According to the subindices of the Consumer Price Index, private rents increased by 11.9% over recent months, which is the strongest rate of annual growth in a five-year period. This is particularly wearisome because unlike the complex nature of the overall market, there are many well documented solutions to the rental crisis, which have been disregarded by policy makers for over a decade. The time for action on this debacle is now.

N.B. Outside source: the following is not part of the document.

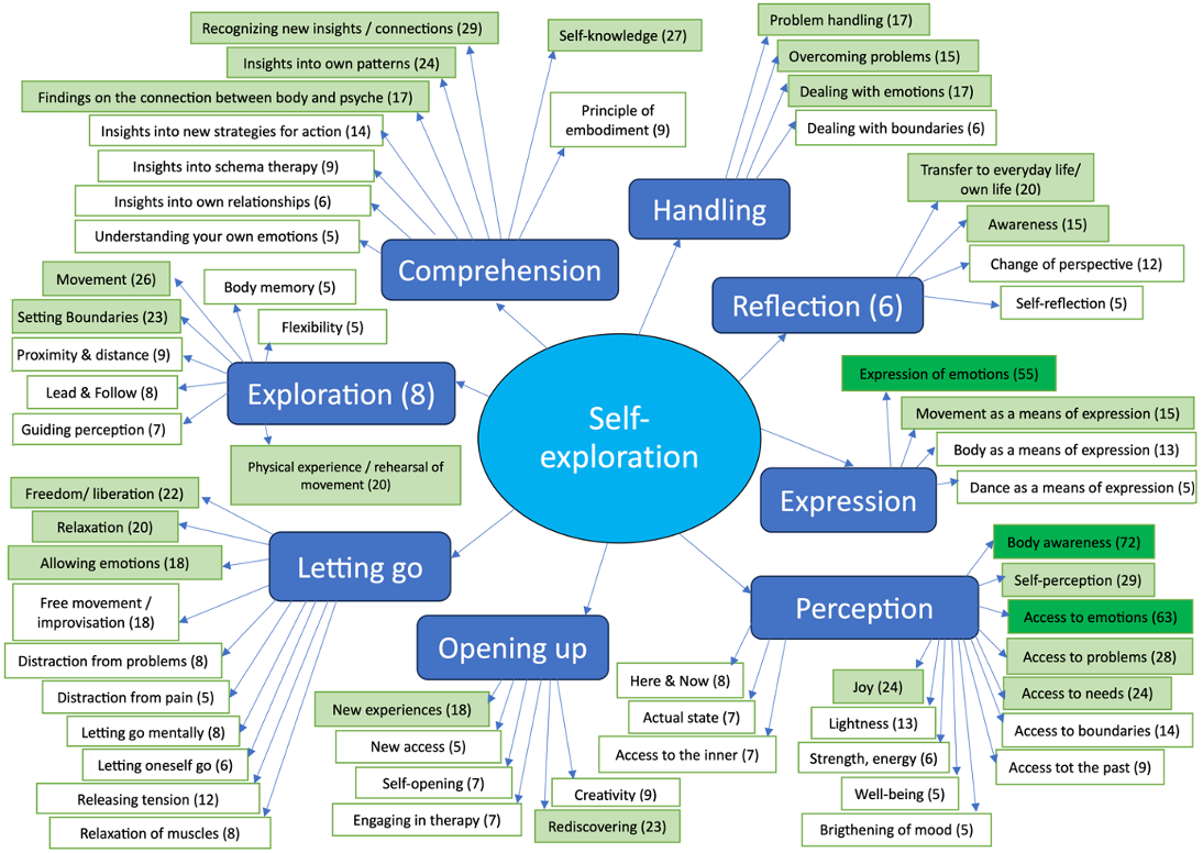(2) GT Self-exploration: The most comprehensive of the three GTs comprises 983 codes – including the three BTs with the highest absolute prevalence – and largely depicts processes that the patients experienced as effective. The OT Expression is about processes of expression with 101 encodings. The Expression of emotions (BT) is reflected in 55 codes, some of which were adopted In-Vivo, as in KEJH10: “Expression of emotions to music and in movement [...]”. Movement, body and dance as a means of expression form three further BTs with five to 15 codes. The above example from KEJH10 also includes Movement as a means of expression (BT). The patients’ articulation of the aspect of Perception (OT, n=314) constitutes the OT with the highest number of codes. This is also due to the fact that the most frequently occurring BT, Body awareness (n=72), and the second strongest BT, Access to emotions (n=63), are subordinate to this OT. HDBE03 combines both in the exemplary answer: "I got to the emotions through my body sensation.”The patients also mentioned nine to 28 times that they had experienced Access to their needs (BT), problems (BT), boundaries (BT) and the past (BT). Several times, statements about this also occurred in combination, as with FREE21: "I was able to determine my personal boundaries and recognize my needs” or, as described in more detail by HDIG07: "I learned to feel into my body, to notice what its needs are and what my emotional needs are [...]”. Patients also described or focused on the Actual state (BT, n=7), the Here & now (BT, n=8) and the undefined inner self (BT: Access to the inner, n=7). The last group of similar BT consists of the perception of moods: Many patients stated the experience of joy (n=24). Lightness (BT, n=13), an increase in Strength/energy (BT), a feeling of Well-being (BT) and a general Improvement in mood (BT) were also coded as individual BTs to be able to convey the effect of positive mood or positive affect in OT Perception more precisely. The OT Opening up with 69 codes includes processes of action that are related to patients opening themselves up to something, opening up to or about Creativity (BT, n=9) or Rediscovering (BT, n=23) something. The BT New experiences, New access, Self-opening and Engaging in therapy with 5 to 18 codes also form it. An example of the coding of the BT Creativity from KEWE23 is: “Creativity – new possibilities to discover access to the subconscious.” Patients listed Relaxation (BT) as a helpful experience 20 times. Feeling free or liberated shows up 22 times in the data as an effective experience. HDDE01 also stated: "I trusted myself a lot more over the course of the therapy and felt like I was liberated.”, which led to the BT Freedom/liberation. Allowing emotions and Free movement/improvisation were coded as BTs 22 times; the latter in statements such as "The free dancing, I was able to let go of everything that was weighing me down." (ENBE13). The OT Letting go abstracts from this and similar descriptions by the patients that the process of letting go (of something) influenced them. Six additional BTs, which describe the outline of Distraction from pain (BT, n=5), from problems or mental and physical letting go, add up to a total of 65 codes. Some patients mentioned the term Movement (BT, n=26) in keywords or its use in various exercises an effective experience: "Release strong emotions through deep breathing in movement." (HTEE23). From the patients’ more explicit explanations, that procedures and processes – which otherwise take place on a different level – could be experienced using the body and/or that they were able to rehearse behavior in this way, the BT Physical experience/rehearsal of movement was developed (n=20). They often mentioned that they practiced Setting boundaries (BT, n=20). The explorative character common to the active processes led to the 103 times coded OT Exploration. HLKG21 wrote about the item after the question of how DMT works: "Impulses led to insights." The following topics or BTs resulted from similarly directed answers from this person and the other patients: Recognizing new insights/ connections (n=29), Insights into own patterns (n=23), Insights into new strategies for action (n=17), Self-knowledge (n=27). "DMT worked because I learned more about the connection between mind and body in different ways." (AEBG01), refers to Findings on the connection between body and psyche (BT), which was coded In-Vivo and led to a 17-fold BT, which, like all BTs under this OT, does not contain any duplicate mentions from the BT New insights/connections. Since the patients reported experiencing new insights in 140 segments, these were brought to the next higher level of abstraction as OT Comprehension. In the TA, the BT Principle of embodiment (n=9) is also shown under this OT. At this point it means learning about the mechanism of embodiment. From the fact that DMT worked for one person participating in the study in such a way that the person was able to "process fears" (KEHE20) and related statements, the systematization for the BT problem handling (n=15) emerged. With the BT Overcoming problems, consisting of 17 mentions of topics such as "handling acute problems" (CALE25), the BT Dealing with emotions (n=17) and the BT Dealing with boundaries (n=6) form the OT Handling (n=55). This OT includes processes of the patients that identify an active and productive confrontation a therapeutic factor of DMT. The OT Reflection (n=52), on the other hand, covers processes in which DMT works by patients integrating what they have experienced into their own thought constructs. This OT was superimposed on the BT Transfer to everyday life/own life (n=20), the BT Awareness (n=15), the BT Change of perspective and Self-reflection. Statements of patients experiencing that certain mechanisms, circumstances and behavioral patterns were effectively transferred from the subconscious to the

Despite all the above or perhaps because of it, the second-hand residential market has shown considerable stability in the year to date. Continuing from last year, sales activity remains healthy. Excluding block sales and new homes acquired for social housing, a total of 12,200 housing transactions were recorded on the Property Price Register in quarter one. Activity levels have improved again in the second-hand market with approximately 10,600 sales recorded in quarter one, representing the strongest first quarter, since at least 2010.

We are also beginning to see stability re-emerge in terms of prices. Our latest index shows that the average value of second-hand homes in Ireland increased by 1.6% in the second quarter of 2022. This represented the slowest rate of quarterly growth in over a year.

That said, the overall pace of growth remains elevated. Over the opening six months of the year, average values rose 4.5%, matching the same rate recorded over the first six months of 2021. In the twelve months to June, average values have increased 9.6%.

The challenging nature of the Irish property story is by no means unique, indeed there is growing evidence of housing market imbalances in many developed countries. However, there is no doubt that the accommodation crisis in Ireland is more deep-rooted than most. That said, rising interest rates and volatile consumer sentiment will likely result in a moderation in the pace of inflation in the months ahead and into 2023.

At this juncture we expect to see inflation of 4-5% in the Dublin market in the full year with overall inflation in Ireland higher at 6-8%.

Looking at the immediate future, all indications are for a busy selling season in the autumn. Traditionally the market slowed in the summer months, reopening at the end of August. However, with the disruptions of the past two years the customary summer lull has dissipated. That said, the quantum of new properties coming to the market did slow this summer. However, early indications are that stock levels will be replenished in the coming weeks, with an improved volume of both second-hand homes and new homes coming to the market.

The frenzied bidding activity evident in the opening weeks of the year has diminished, however demand remains strong with a notable urgency from purchasers to transact more quickly in the face of rising interest rates. As always, the market performance will not be homogenous but at this juncture, we are expecting a busy season in the months ahead.